The 20 newsgroups dataset comprises around 18000 newsgroups posts on 20 topics split in two subsets: one for training (or development) and the other one for testing (or for performance evaluation). The split between the train and test set is based upon a messages posted before and after a specific date.
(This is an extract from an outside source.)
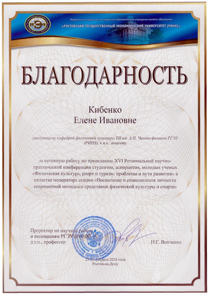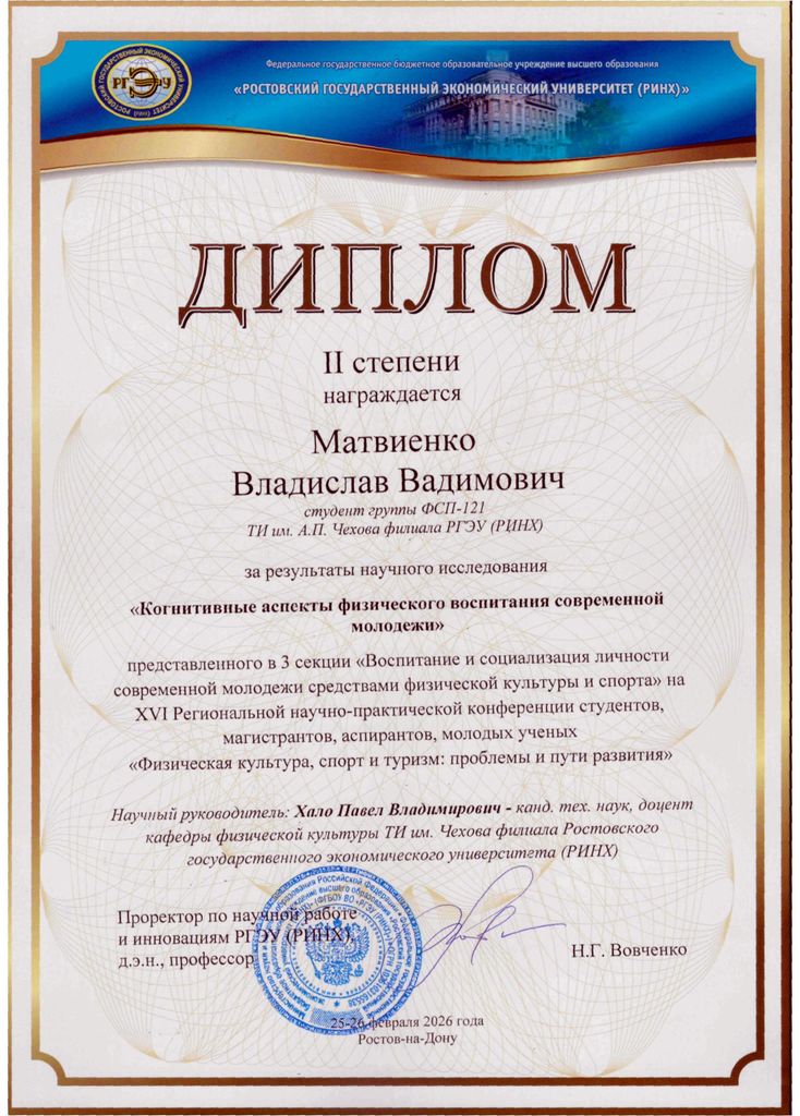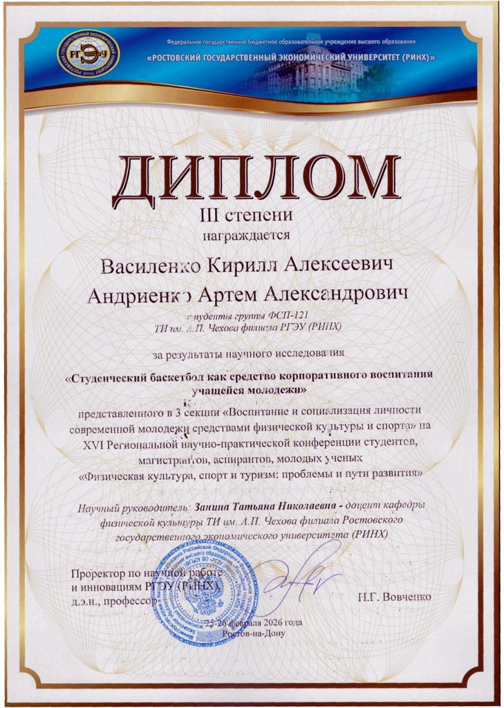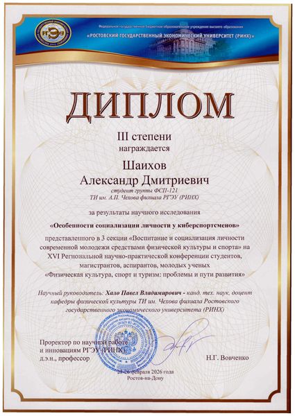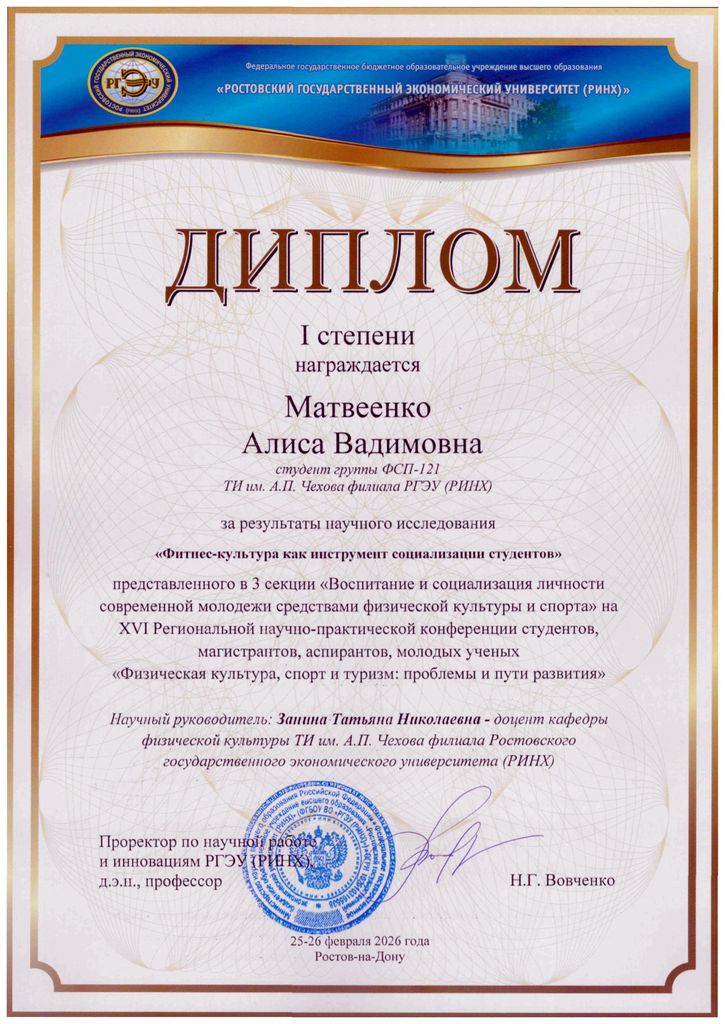 Новости все 03 апреля, 2026 Студенты ФФМИ профилей «Физическая культура» и «Дополнительное образование (спортивная подготовка)» достойно представили свои доклады на XVI региональной научно-практической конференции «Физическая культура, спорт и туризм: проблемы и пути развития»31 марта стали известны результаты XVI Региональной научно-практической конференции студентов, магистрантов, молодых ученых «Физическая культура, спорт и туризм: проблемы и пути развития». Конференция проходила в смешанном формате 25 и 26 февраля 2026 года в Ростовском государственном экономическом университете (РИНХ). В работе конференции приняли участие студенты, аспиранты, молодые ученые РГЭУ (РИНХ), ДГТУ, РЮИ МВД России, ДонГАУ, ЮРИУ филиал РАНХиГС, а также студенты Таганрогского института имени А.П. Чехова (филиала) РГЭУ (РИНХ) профилей «Физическая культура» и «Дополнительное образование (спортивная подготовка)». Доклады представляли: Колотева Виктория Сергеевна (ФФМИ, ФСП-131), тема доклада: «Влияние художественной гимнастики на различные аспекты жизни человека». Научный руководитель: доцент кафедры физической культуры Татьяна Николаевна Занина. Василенко Кирилл Алексеевич, Андриенко Артем Александрович (ФФМИ, ФСП-121), тема доклада: «Студенческий баскетбол как средство корпоративного воспитания учащейся молодежи». Научный руководитель: доцент кафедры физической культуры Татьяна Николаевна Занина. Сенченко Станислав Вячеславович (ФФМИ, ФСП-111), тема доклада: «Социально-психологические особенности подготовки, повышения результативности и сохранения когнитивного здоровья в киберспорте». Научный руководитель: кандидат технических наук, доцент кафедры физической культуры Павел Владимирович Хало. Лисицкая Екатерина Алексеевна (ФФМИ, ФСП-141), тема доклада: «Решение социальных и психологических проблем обучающихся с ограниченными возможностями здоровья посредством занятий физической культурой и спортом». Научный руководитель: старший преподаватель кафедры физической культуры Полина Васильевна Ткачук. Матвиенко Владислав Вадимович (ФФМИ, ФСП-121), тема доклада: «Когнитивные аспекты физического воспитания современной молодежи». Научный руководитель: кандидат технических наук, доцент кафедры физической культуры Павел Владимирович Хало. Шаихов Александр Дмитриевич (ФФМИ, ФСП-121), тема доклада: «Особенности социализации личности у киберспортсменов». Научный руководитель: кандидат технических наук, доцент кафедры физической культуры Павел Владимирович Хало. Молчанов Иван Владимирович (ФФМИ, ФСП-121), тема доклада: «Спортивное волонтерство как фактор социализации студентов вузов физической культуры и спорта». Научный руководитель: доцент кафедры физической культуры Татьяна Николаевна Занина. Кураева Полина Алексеевна (ФФМИ, ФСП-131), тема доклада: «Социально-психологическая адаптивность как фактор социализации студенческой молодежи». Научный руководитель: доцент кафедры физической культуры Татьяна Николаевна Занина. Матвеенко Алиса Вадимовна (ФФМИ, ФСП-121), тема доклада: «Фитнес-культура как инструмент социализации студентов». Научный руководитель: доцент кафедры физической культуры Татьяна Николаевна Занина. Мищенко Марина Сергеевна (ФФМИ, ФСП-151), тема доклада: «Социализация современной молодежи в студенческой среде средствами физической ку

More information can be found here: https://scikit-learn.org/0.19/datasets/twenty_newsgroups.html

**Fetch data:**

In [None]:
fetch_20newsgroups(subset='all',  remove=('headers', 'footers', 'quotes')).keys()

In [None]:
fetch_20newsgroups(subset='all',  remove=('headers', 'footers', 'quotes'))['target_names']

In [None]:
docs = fetch_20newsgroups(subset='all',  remove=('headers', 'footers', 'quotes'))['data']

In [None]:
docs[0]

In [None]:
docs[0:3]

In [None]:
len(docs)

------

### 1. Model training: Subset dataset across all categories

**Set up model:**

Note - this takes too long to run on AP due to no GPU being available. We'll just take a subsection of docs to get it to run faster to demo here.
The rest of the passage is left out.